Random question, how's your gag reflex these days
your brother is wearing shin guards in the swimming pool. i have a feeling that this happens often
I think I explained what happened in the voicemail. But I think I might have just cried and ranted about how cool osiris shoes are
I just realized I have yet to puke in your new apartment. Clearly we're doing something wrong. On my way over with Cuervo as I type.
Did you really just text me at 6:35 in the morning asking where the condoms were? I moved out a year ago.
I guess she thought her walk of shame would be more dignified if she stole my dog
Dude, please wake him up, there are pills all over the floor and hes the only one who knows which ones to take simultaneously.
I have just figured that it takes exactly 2 and a half rums to clean the bathroom..
That's actually a fantastic idea... The kinky sex dungeon will be vastly improved by the addition of a lightsaber
Whats proper etiquette for apologizing to your wife for being so drunk you stood up and pissed on the bedroom floor next to the bed?
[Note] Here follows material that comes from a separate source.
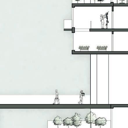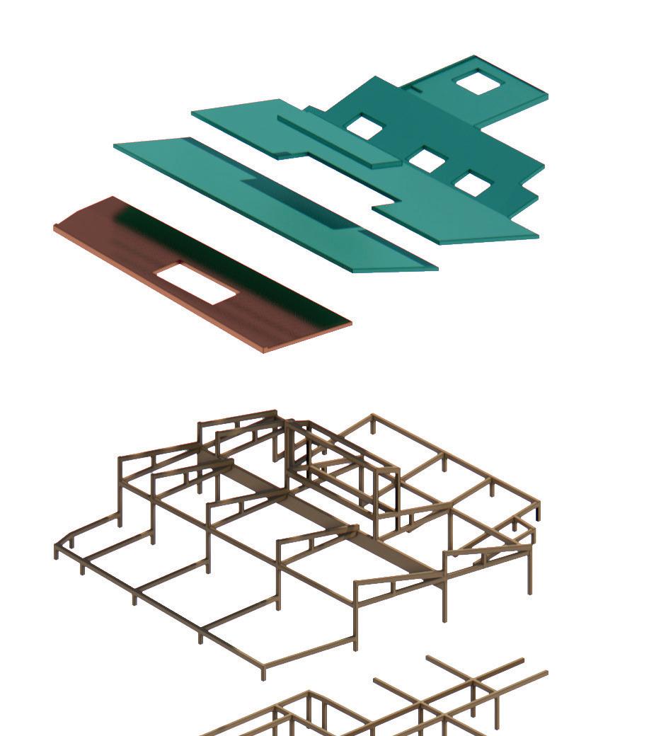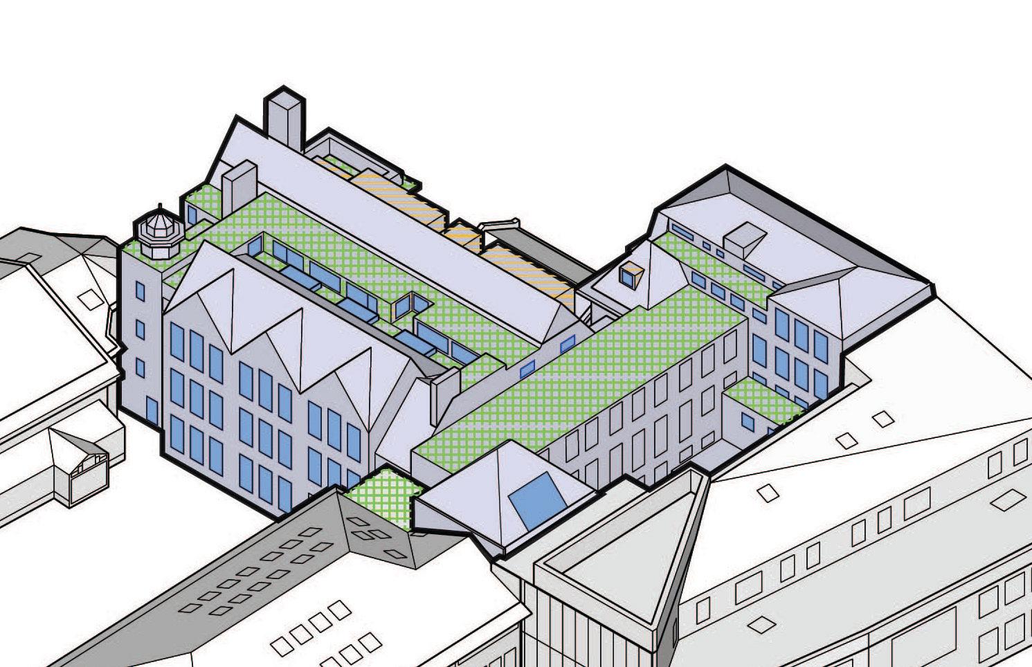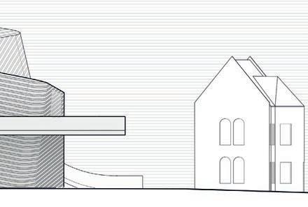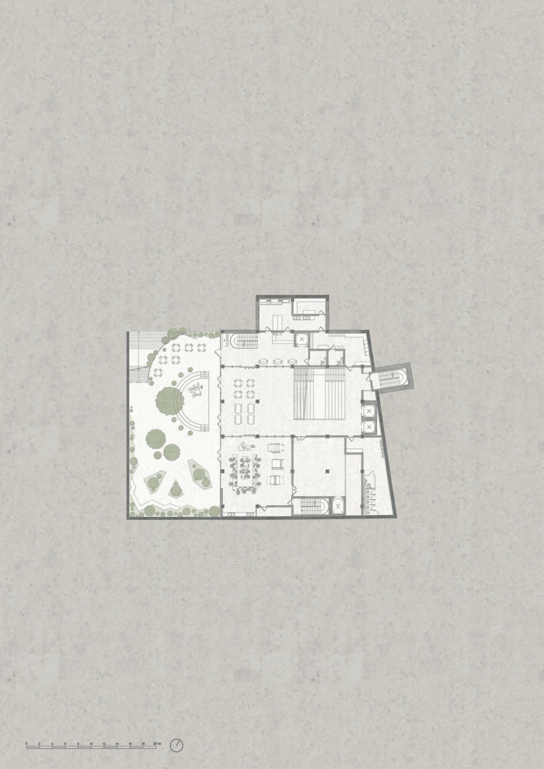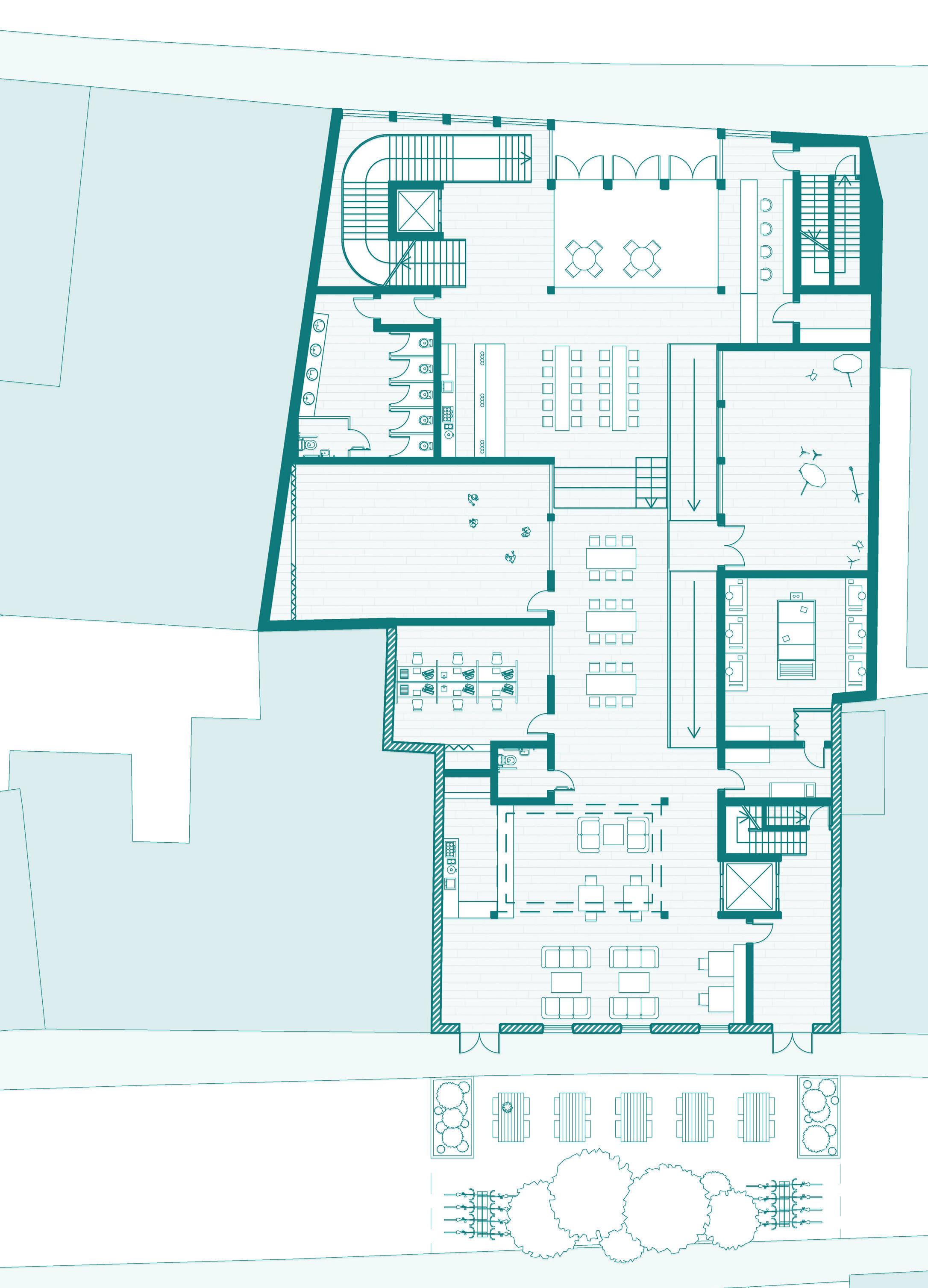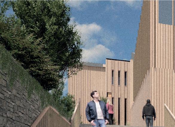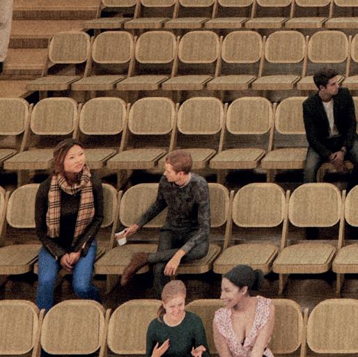 The building simultaneously acts as a community hub with the provision of a film and theatre workshop spaces. Public access to these facilities and classes enables more opportunities for people to get involved with the film and theatre industry. This in turn encourages representation. Creating an environment which focuses on community helps to foster connections between people. The theatre will boost individuals’ sense of belonging, encouraging unity among the residents of Oxford. The workshop, public amenities and intercultural theatre are combined under one roof to become architecture that is of, and for, the people of Oxford. The site is bordered by two busy streets. The design addresses these two frontages by treating the ground floor as an extension of the external street both in the north and the south. The stone façade of the existing south elevation will be preserved due to it being a Grade I listed building. The notional floor levels of the Georgian stone exterior are used as a guide for the internal floor heights. Existing masonry is paired with a copper roof which is inspired by vernacular architecture of Oxford which features many patinated copper roofs. The patinated copper roof stretches across the building and is met with copper standing seam cladding. The variation in copper’s aging is an expression of the existing masonry being integrated with the new-build in the north of the site.
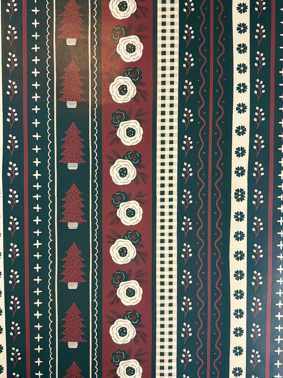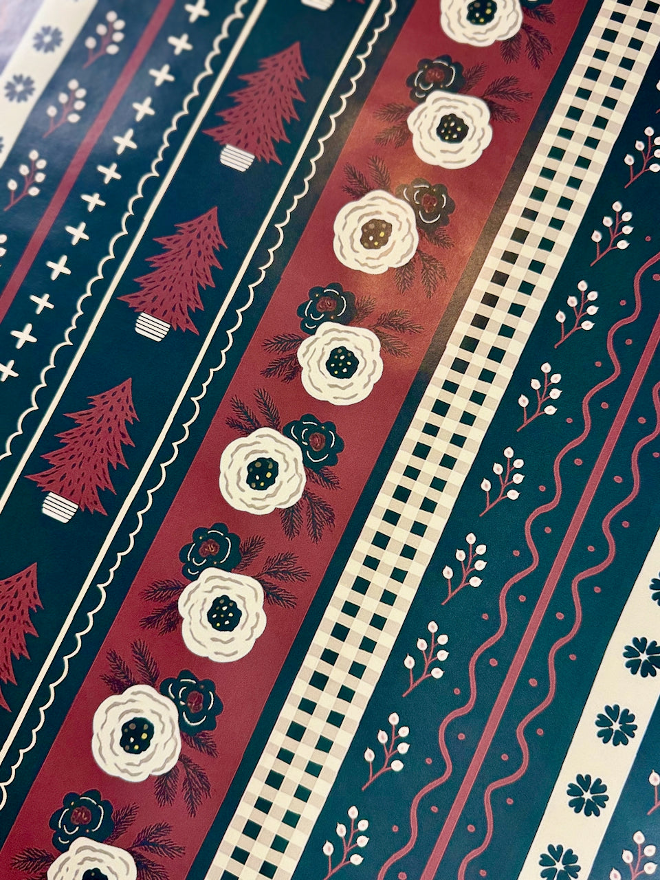 Inspired by the warmth and nostalgia of a countryside holiday, Cabin Christmas brings Ralph Lauren’s signature elegance to your gift wrapping. Deep forest green and burgundy stripes are accented with hand-drawn trees, winter florals, gingham, and delicate decorative borders — creating a layered, storybook pattern that feels timeless yet inviting.

I'm high, watching "Scream" and eating a grilled cheese sandwich off my boobs. I'm not going anywhere
Come on, clusterfuck. Put on a pushup bra and get your fine ass to the bar, or you will be a sad single stoner forever
He's tying my arms above my head and all I can think is that I should've shaved my armpits
It's like the bat signal. He only texts me when I'm naked.
All I want is dick and wine.
I made soup. Now I'm having post soup making wine. I had pre soup making wine also.